Wait: Hillary Can’t Give Bill A Job?

Yesterday, I wrote:

If Hillary wins, Bill should be secretary of state. A formal role on the world stage is far preferable to an informal role on the inside fucking everything up.

Carpenter wishes this were possible:

[Hillary] probably would [appoint Bill], were it not for the Federal Anti-Nepotism statute of 1967, which bans such eminently sensible acts as a chief executive appointing whomever he or she deems best suited for the executive’s trust and convenience.
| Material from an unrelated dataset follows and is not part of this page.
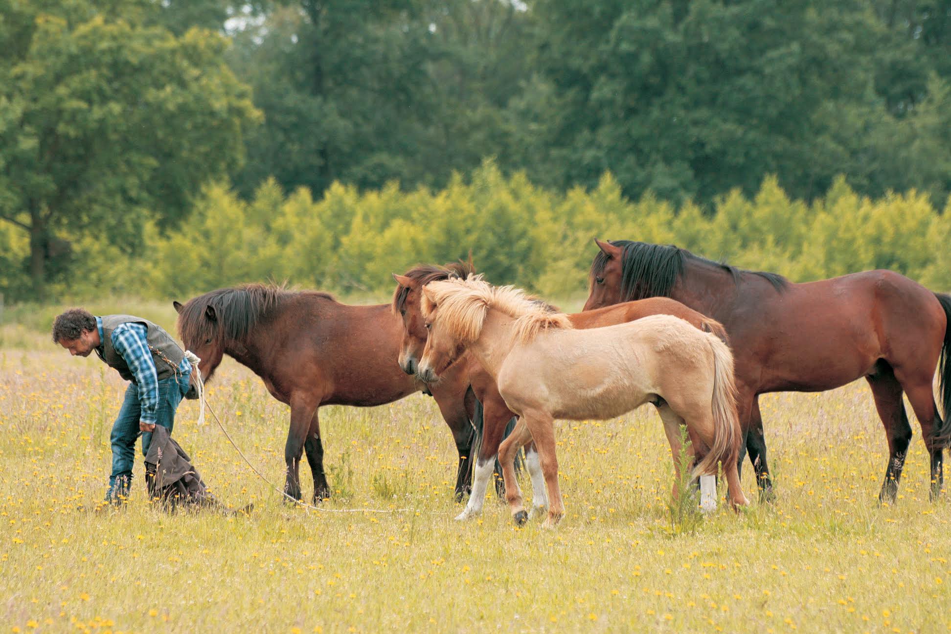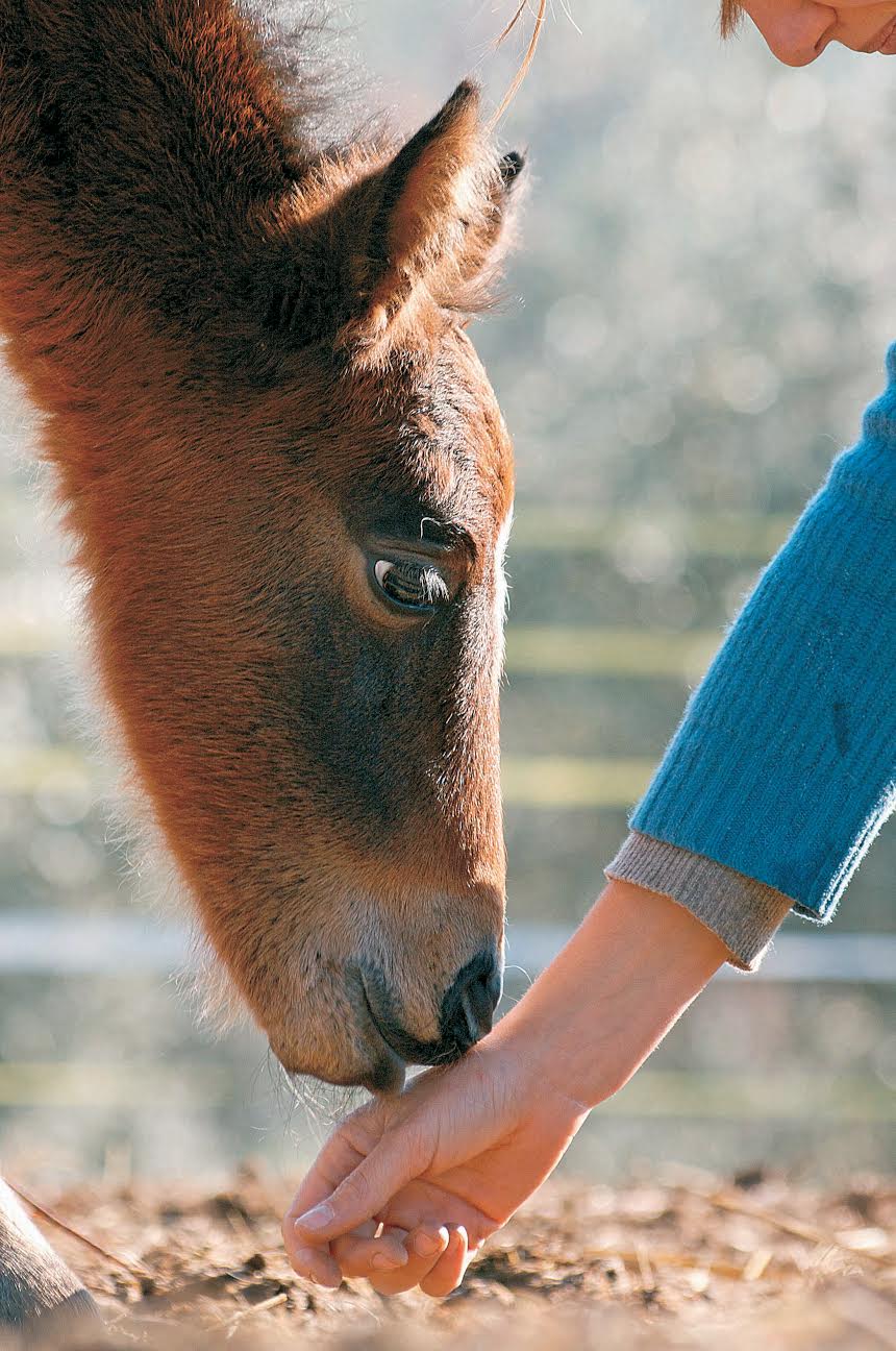 As an example, let’s imagine the situation when we are introducing a foal to the halter. We allow the foal to explore the halter, yet we don’t know if his behavior means he is actually accepting it. People often work in terms of “to do’s,” tasks that need to be achieved. They ask themselves, “Is the foal accepting the halter, or not?” Changing our approach in this situation would be to say, “Hey, he’s smelling the halter; I wonder what he smells?” We will obviously not get an answer to that question, but we will have become aware of the foal’s experience. If we took the time and were curious enough to smell the halter ourselves, we would also get closer to his experience and be able to share the moment with him. But it is very difficult to let go of our own expectations, especially if we are worried the foal might not learn to wear the halter.

From the text of the law in question:

A public official may not appoint, employ, promote, advance, or advocate for appointment, employment, promotion, or advancement, in or to a civilian position in the agency in which he is serving or over which he exercises jurisdiction or control any individual who is a relative of the public official.

So we have a uniquely nepotistic and dynastic democracy in fact, but a law forbidding its being made explicit, and thereby formally accountable. Yep: sounds like America.